Experimental groups consisted of 8 mice per treatment. Cells were inoculated subcutaneously via 27g needle in a 50/50 mix of PBS and Matrigel in the right inguinal region of each mouse. Daily treatment was begun about 3 weeks later when the average tumor volume across mice had reached ~350 mm3. Mice were treated orally with crizotinib using a gavage needle as per standard practice.

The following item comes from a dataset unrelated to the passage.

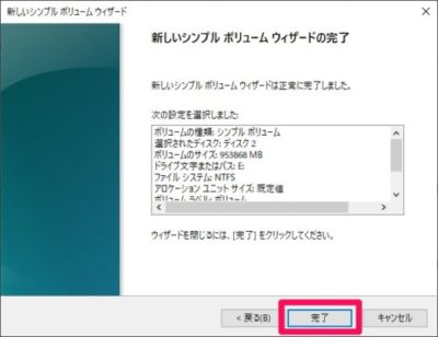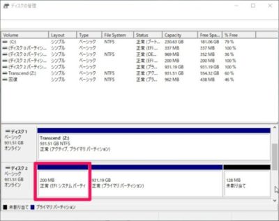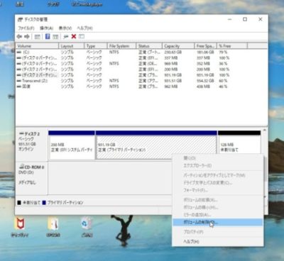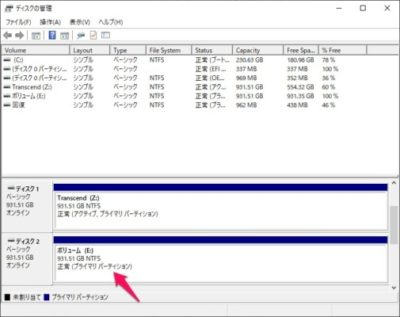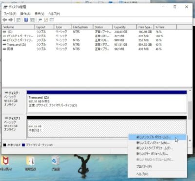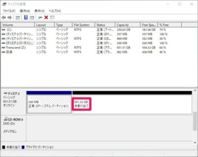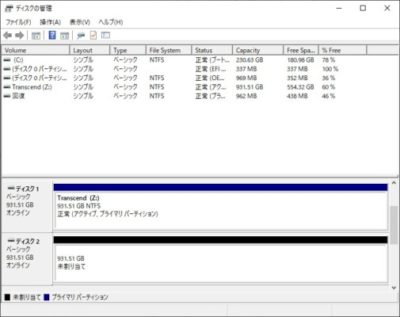もう一度ディスクの管理を見るとディスク2が931.51GBすべてが未割り当てとなって、完全削除されています

Tissue sections were deparaffinized and rehydrated through xylene and graded alcohols. Endogenous peroxidase activity was quenched by incubating the sections 15 minutes with 3% hydrogen peroxide in 100% alcohol (1:1). Antigen retrieval was performed with Dako target retrieval solution, pH 6.0 (citrate) or 8.0 (EDTA) in pressure cooker (120°C+/−2°C) for 30 seconds at 15+/−5 psi. Sections were incubated for either 40 minutes at room temperature (Ki67, phospho-tyrosine) or 4°C overnight (pSTAT3 Y705, phospho-histone H3S10). Application of the secondary antibodies was followed by incubation for 30 minutes with Dako Labeled Polymer-HRP goat anti-rabbit IgG for all of above antibodies except phospho-tyrosine for which M.O.M kit was applied (Vector laboratories, PK-2200). The sections were then visualized with 3, 3′– diaminobenzidine (DAB)+substrate-chromogen which results in a brown-colored precipitate at the antigen site. Mayer hematoxylin was used for counterstaining.

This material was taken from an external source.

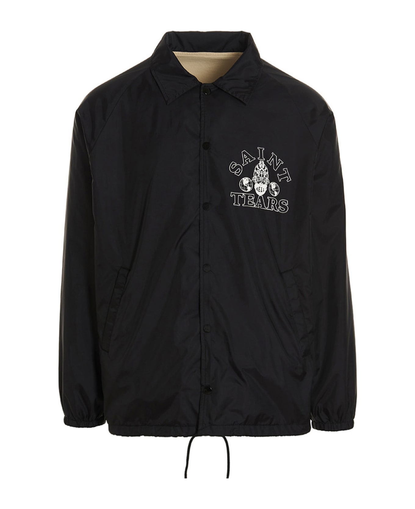 'Saint Tears' nylon jacket with print at the front and back, button closure, pockets, long cuffed sleeves, adjustable drawstring at the hem and cotton lining. Composition: 100% nylon

Kinase inhibitors were purchased from Chemietek (Indiananpolis, IN), Selleck (Houston, TX), Sigma-Aldrich (St. Louis, MO), or synthesized in the Gray laboratory. All inhibitors were dissolved in DMSO. Antibodies were purchased from Sigma (anti-FLAG M2 F1804, anti-FLAG M2 affinity resin F2426), Santa Cruz (anti-TrkC N-13 sc-47520), Cell Signaling (anti-pTyr 9411; anti-pErk 4370, anti-Erk 4695), and Abcam (anti-DDDDK ab1278).

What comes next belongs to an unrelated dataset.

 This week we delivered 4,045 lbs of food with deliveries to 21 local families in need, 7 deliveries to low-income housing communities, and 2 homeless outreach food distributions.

We thank the Lindquist lab members for valuable discussions and comments on the manuscript. We also thank Mohammed Azam (Cincinnati Children’s Hospital Medical Center) for providing mutant BCR-ABL clones and Prat Thiru, Inma Barrasa and George Bell (Whitehead Institute) for help with primer design and statistical analysis. M.T. was supported by Human Frontier Science Programme long-term fellowship. S.L. is a Howard Hughes Medical Institute investigator. Support for this study was also provided by the NIH Genomics Based Drug Discovery-Driving Medical Projects grant UL1-DE019585, administratively linked to NIH grants RL1-GM084437, RL1-CA133834, and RL1-HG004671.
AUTHOR CONTRIBUTIONSM.T. and S.L. planned the project. M.T. designed the experiments, developed the assay, performed the experiments together with I.K., and analyzed the data. Xenograft experiments were done by L.W., and S.S. performed immunohistochemistry on tumor samples. J.Z. tested BCR-ABL variants for GNF-2 sensitivity in BaF/3 cells. J.Z., Q.L., and N.S.G. synthesized and provided kinase inhibitors and helped design experiments. M.T. and S.L. wrote the paper with input from all co-authors.
COMPETING FINANCIAL INTERESTS
M.T. and S.L. are named inventors on a patent application on the technology described in this manuscript and co-founders of an early-stage startup company utilizing the technology for drug screening.